- _GOAL OF THE EXERCISE_: Starting with the line where "温馨提示: 1.根据《证券法" appears, print every line through the end of the entries below exactly as it stands, and leave out the pictures.

==== INFORMATION PROVIDED ====

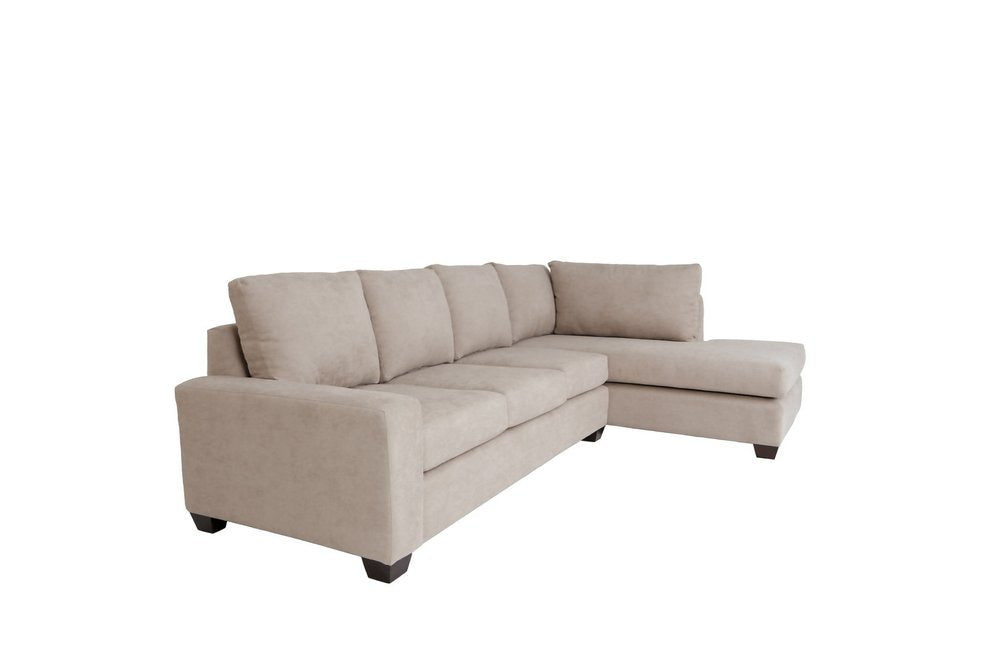 The tan polyester blend stationary l shaped two piece corner sectional is spacious design meticulously crafted with extraordinary cushion comfort and ultimate durability so everyone in your home can have the best seat in the house. Square arms offer a comfy place to rest. Dark brown solid wood legs effortlessly elevate the room and add a touch of contemporary design. A great showpiece for your room, this sectional is a must have. 36" H x 115" W x 37" D
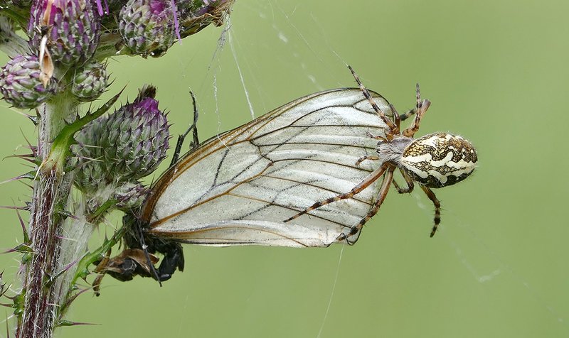 Questo ragno (Aculepeira ceropegia) ha catturato una pieride del biancospino (Aporia crataegi). Le cartine di distribuzione da info fauna mostrano la distribuzione delle due specie. Foto: Thomas Reich (WSL)
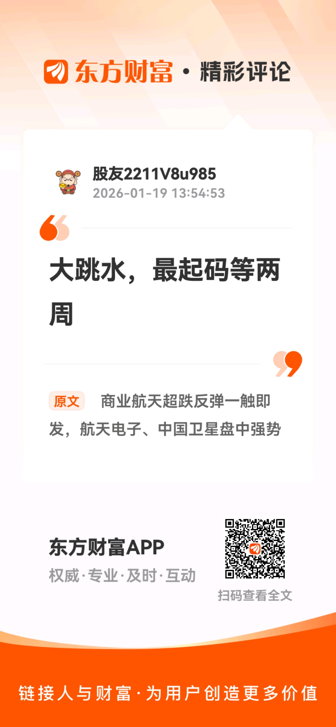 温馨提示: 1.根据《证券法》规定,禁止编造、传播虚假信息或者误导性信息,扰乱证券市场;2.用户在本社区发表的所有资料、言论等仅代表个人观点,与本网站立场无关,不对您构成任何投资建议。用户应基于自己的独立判断,自行决定证券投资并承担相应风险。《东方财富社区管理规定》
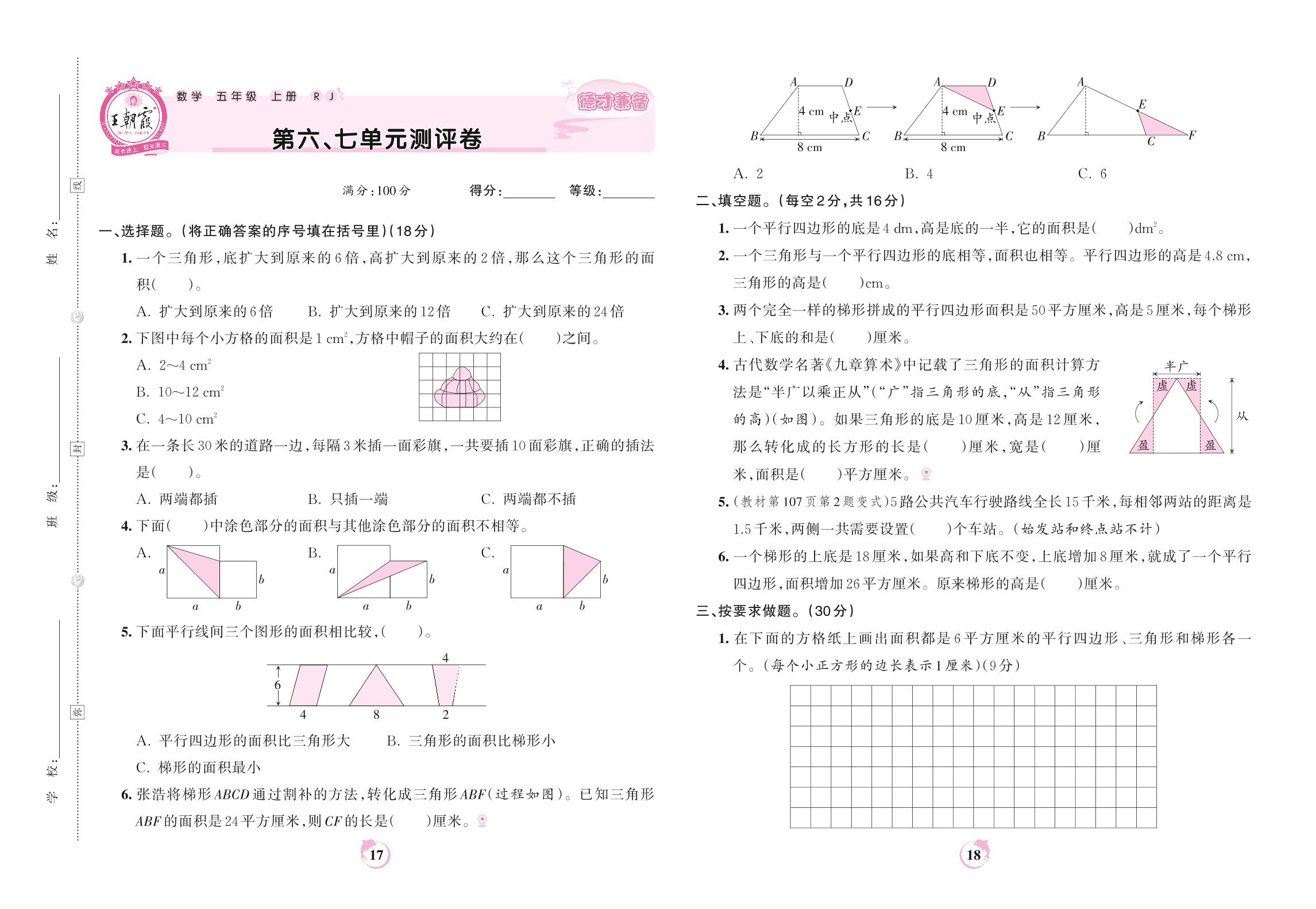 2022上册五年级数学人教版 第六、七单元测评卷
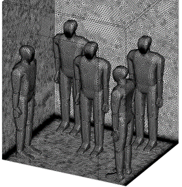 图4. 本研究使用的网格分布:(a)在电梯内,(b)在人的口鼻附近。
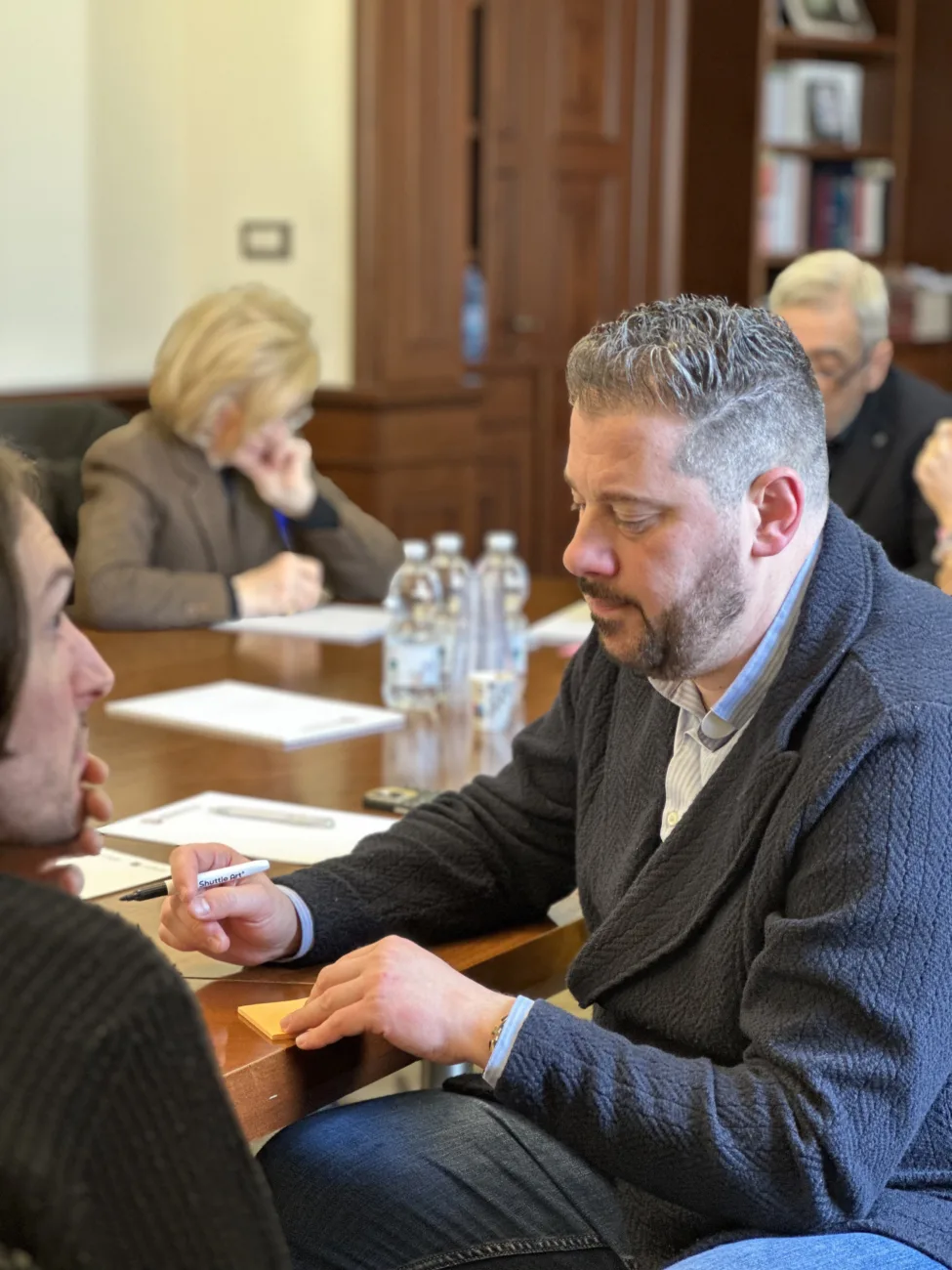 La prima giornata si apre con molta curiosità e qualche esitazione. Attorno al tavolo ci sono persone che abitano lo stesso territorio, quello di Fabriano, ma che raramente hanno simili occasioni di confronto: associazioni culturali, figure del mondo sociale e religioso e potenziali beneficiari delle iniziative della Fondazione. Non tutti si aspettano di trovare un ascolto così diretto. I loro interventi porteranno prospettive diverse sulla comunità e sulle sue trasformazioni.
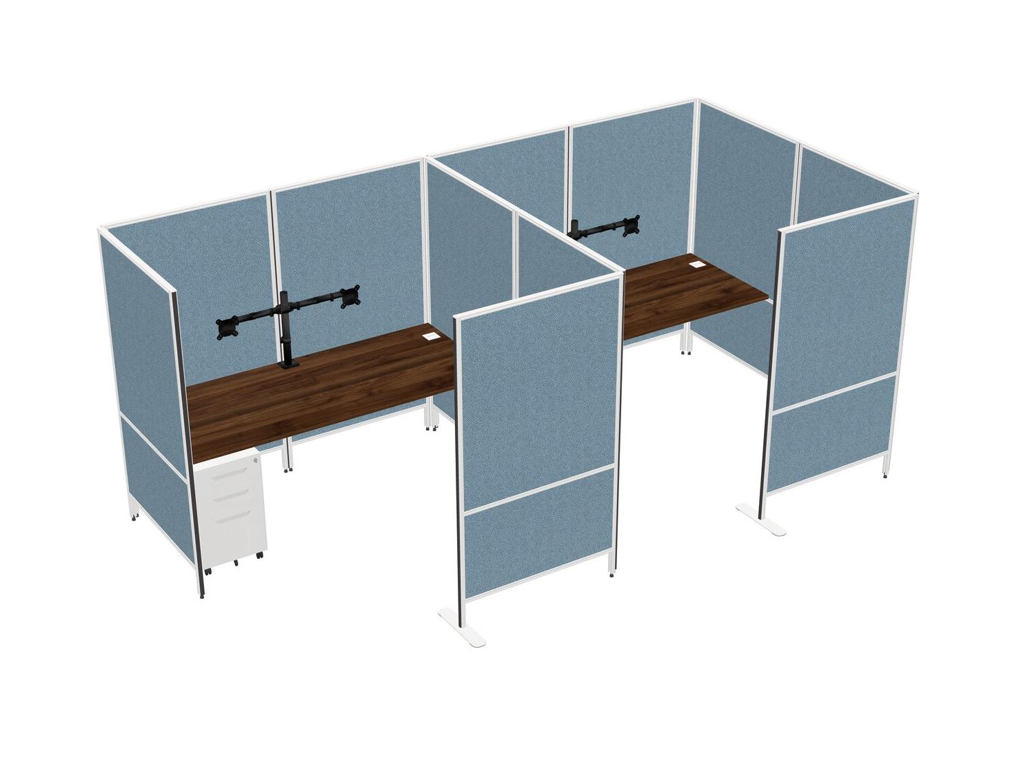 Système De Panneaux Flexibles En Noyer Columbia Avec Intimité Pour 2 Personnes + Tiroirs Mobiles En Métal + Bras Pour écran (double Bras)

====

- _RESPONSE TO THIS TASK_:
 温馨提示: 1.根据《证券法》规定,禁止编造、传播虚假信息或者误导性信息,扰乱证券市场;2.用户在本社区发表的所有资料、言论等仅代表个人观点,与本网站立场无关,不对您构成任何投资建议。用户应基于自己的独立判断,自行决定证券投资并承担相应风险。《东方财富社区管理规定》
 2022上册五年级数学人教版 第六、七单元测评卷
 图4. 本研究使用的网格分布:(a)在电梯内,(b)在人的口鼻附近。
 La prima giornata si apre con molta curiosità e qualche esitazione. Attorno al tavolo ci sono persone che abitano lo stesso territorio, quello di Fabriano, ma che raramente hanno simili occasioni di confronto: associazioni culturali, figure del mondo sociale e religioso e potenziali beneficiari delle iniziative della Fondazione. Non tutti si aspettano di trovare un ascolto così diretto. I loro interventi porteranno prospettive diverse sulla comunità e sulle sue trasformazioni.
 Système De Panneaux Flexibles En Noyer Columbia Avec Intimité Pour 2 Personnes + Tiroirs Mobiles En Métal + Bras Pour écran (double Bras)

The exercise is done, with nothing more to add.